Larry Wall on Python's Syntax

merlyn on 2004-05-13T19:11:20

Recently seen on perl6-language:

Python's syntax succeeds in combining the mistakes of Lisp and Fortran.
I do not contrue that as progress.

Larry


whitespace

inkdroid on 2004-05-13T19:25:47

Thankfully he didn't say anything about whitespace. That complaint gets old quick :-)

Re:whitespace

zatoichi on 2004-05-13T23:15:01

We already know that forcing whitespace is a bad thing, so it didn't need to be said. ;-)

Re:whitespace

inkdroid on 2004-05-14T10:28:26

Perhaps I've hung out here too long...

Re:whitespace

gnat on 2004-05-14T18:33:39

I've been playing with Python, and I'm much more sanguine about the whitespace thing now that I've used it. Any Python smackdown requires more than "whitespace bad, curlies good". But it still deserves a smackdown. All that nonsense about being intuitive and executable pseudocode is fiction.

--Nat

Re:whitespace

zatoichi on 2004-05-15T23:26:10

I have used Python as well. The longer I had to deal with the indentation the more annoying it got to me.

Re:whitespace

chromatic on 2004-05-19T16:33:23

Don't care much for all those underscores around methods either, huh?
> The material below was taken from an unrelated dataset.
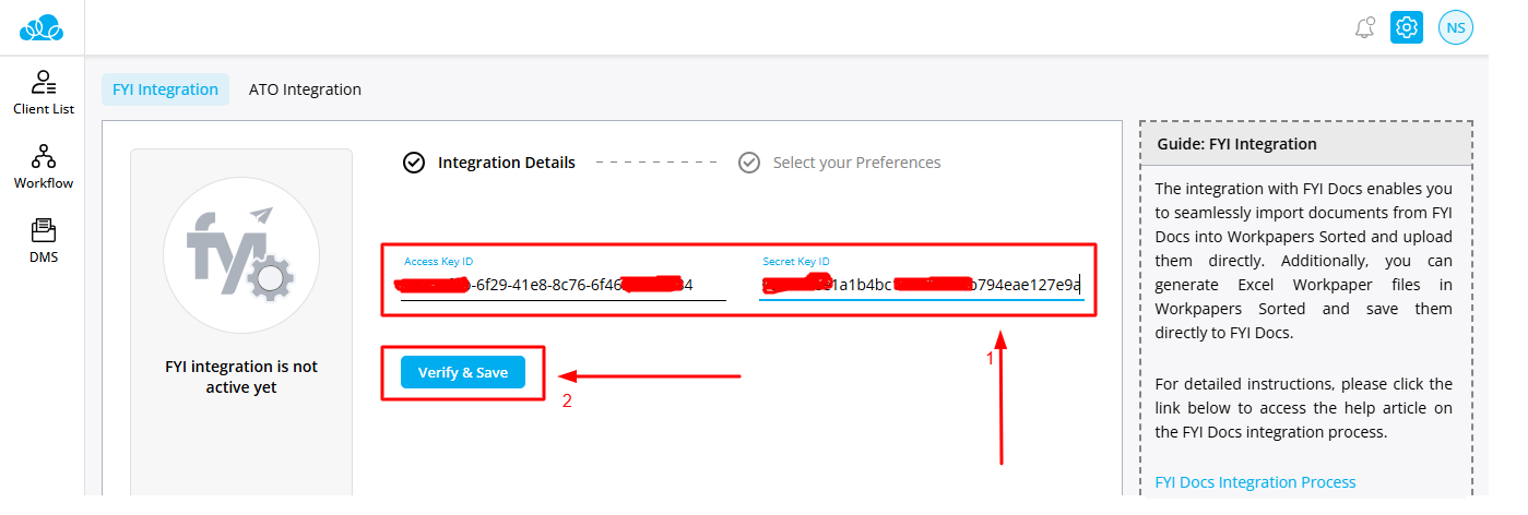 Step 2:- Enter the Access Key ID and Secret Key ID of your FYI account. Once the details are entered click on the Verify & Save button.

I'm a little saddened by that, actually

btilly on 2004-05-14T00:44:04

I would have loved to see him include COBOL in that list, and see whether any Python fans figured it out.
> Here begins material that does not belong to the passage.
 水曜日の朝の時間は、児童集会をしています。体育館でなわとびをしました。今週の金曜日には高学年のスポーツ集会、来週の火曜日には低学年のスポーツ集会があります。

OTOH given how much flack Larry has taken over significant whitespace rules in Perl 6, he may feel that it is best to just avoid that topic.

Re:whitespace

rafael on 2004-05-14T08:39:25

Actually he did. Well, not really whitespace, but indentation nonetheless.

Fortran had Facist whitespace first

n1vux on 2004-05-19T21:49:29

Fortran had mandatory whitespace / indents -- columns 1-6 and 73-80 were sacred. (There weren't columns past 80 in Fortran, since even on TTY Fortran "knew" it was reading "cards" *sigh*)

Google finds us a reference from which I can reconstruct the following, which I could almost have recited from slowly fading memory:

  • Statement labels in columns 1 to 5
  • C or * in column 1 indicates comment
  • Non-zero non-blank in Column 6 is Continuation marker (like \ at end of line, except at beginning of next line!)
  • Statements in columns 7 to 72
  • 73-end (80 nom) ignored, used for sequence numbers (in case you dropped your deck) -- or revision markers for version control, if you were really daring, or had migrated to all tape-and-disk.

There was a Fortran IV pre-processor called FLEX that could not only pretty-print your code with ascii arrows but would parse the pretty-printed form if you edited it. (It was a competitor to Bell's RATFOR and a precursor of the new-fangled Fortran 77, not to be confused with Flex 2, which was more pascalene deviant fortran, and the Gnu Flex which is rather different altogether.) The parselmouths or herpetologists may not count it as a precursor influence, but it was the first Fortran to extend mandatory whitespace into the statement area!

Yes, I said "card" and referred to a standard promulgated in 1977 as new-fangled; these tools may have been obsolescent before you were born, if you don't remember the Great Renaming.